Now there is no doubt these new IPs will likely retain some tribal loyalty, but as their paychecks regularly flow in from the central government there will likely be a reevaluation of who exactly is able to provide them and their family the most security. The importance of the tribe and clan will never go away, but the strong control may well diminish overtime.

The other part of this that simply makes no sense to me is this – if Maliki and the Shia are the real problems and determined to exercise control over Iraq a la Saddam Hussein, why do they not do the following: Simply order the Shia militias to stand down and do nothing, but particularly not attack Coalition Forces. If the Shia militia violence is the real problem and their control so pervasive then Maliki and the Shia could set the conditions for the US forces to be gone by the end of 2007. If there were four or five months of no real activity the clamor at home to bring US forces would be deafening and there would be no refutation of it.
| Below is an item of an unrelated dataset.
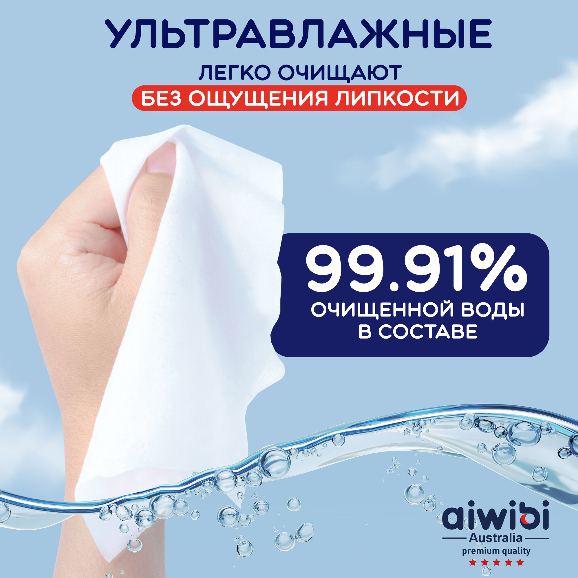 Детские влажные салфетки AIWIBI специально разработаны для нежного очищения кожи малыша и одновременного эффективного ухода. Детские влажные салфетки премиум-класса Aiwibi, содержат 99,91% чистой воды. Салфетки не имеют запаха, благодаря чему подойдут чувствительным малышам. Наши салфетки произведены из высококачественных, натуральных и экологически чистых материалов, которые сохраняют идеальный баланс влажности и прочности салфетки. Делают ежедневную гигиену в любых условиях значительно комфортнее. Незаменимы дома, при смене подгузника, на прогулке, в поликлинике и путешествиях.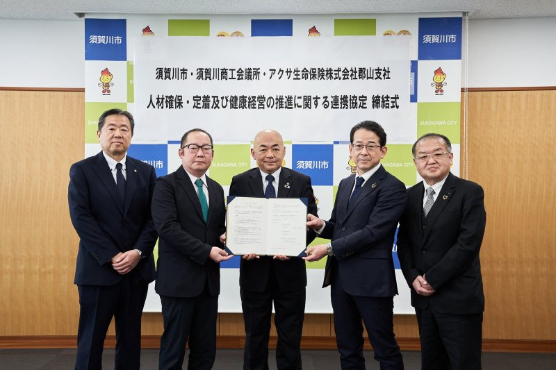 須賀川商工会議所(福島県、菊地大介会頭・あおい)は3月12日、須賀川市、アクサ生命郡山支社と人材確保・定着および健康経営の推進に関する連携協定を締結した。同事業は、事業者の生産性向上や人材の確保・定着および地域経済の活性化を図ることが目的。健康経営の推進は生産性の向上のみならず、企業のイメージアップや人材確保・定着に極めて重要な要素であるという認識の下、少子高齢化に伴う生産年齢人口の減少などによる人手不足が深刻化する中小企業の経営課題を3者で共有し、連携して地元事業所の健康経営の普及促進などに取り組む。

The Powerline correspondents experience is different from mine and I am not in a position to say he or she has not seen what they write, but it strikes me that their assessment overlays specific experiences over a diverse country and has some counterintuitive reasoning.

Then we have this assessment

The situation on the American side is not much better. The careerists in the Army and DoD have leaned that not taking chances and reporting only good news up the chain are the ways to advance their careers. Just look at General Casey. The army is first and foremost a bureaucracy intent on taking its processes, forms, procedures and top down decision making with it wherever it goes. The Army is not flexible enough or well trained enough to win a counterinsurgency.

There is some truth in this. The Army is one big bureaucracy and at its heart is a large government agency. (As a side note, want to see what National Health Care will look like, just see the Walter Reed Army Medical Center “scandal.”) As an institution it certainly should be a great deal more flexible to win a counter insurgency, however to say we are not well trained enough is simply untrue.

As to organizationally the Armed Forces should be a great deal more nodal or networked, the hierarchy does not create ideal conditions for working in this environment, but we are more than adequately trained. It is really about implementation.

Here in Al Anbar for the longest time the US Armed Forces refused to work with local militias because they had either been insurgents or merely because they were un-official. Last year the decision was made to deal with them and the situation immediately started to improve. Because someone high ranking enough to have some “juice” but low ranking enough to understand the situation on the ground needed this decision. The farther down the chain we push these decisions , the easier it will be.

Do not misunderstand what I am about to write because the Powerline correspondent has some valid points, nonetheless these comments color the writing in my view.

But as someone who has been separated from my wife, friends, and family for 20 months already (with four months to go thanks to the surge) and as service members continue to lose life and limb I feel that I can no longer hold my tongue.

I am familiar with this unit and no doubt there is a morale problem at this point because of their extension, I do not blame them for being irritated at the Army and the war, but that should not substitute for analysis.  I left home in January 2006 and will be home by Christmas 2007, I understand what that separation is like, but to use the time of separation from family as the excuse strikes me as bitterness and not principle. I come by that assessment because of the next comment.

We have mismanaged Iraq in ways too numerous to list here for four years. In order to succeed on the ground we would have to scrap everything we have done and start over….

We started over with the surge and the appointment of GEN Petraeus.  This falls into the Angry Left’s meme  of  “not  changing course.”  Substantive and real changes have been made in strategy and tactics.  We have seen that here in Al Anbar with engagement of the local Sheiks and militias.  Al Qaeda in Iraq (AQI) is becoming more desperate with every savage attack.  Things are not going to change overnight, but they are changing and they are getting better.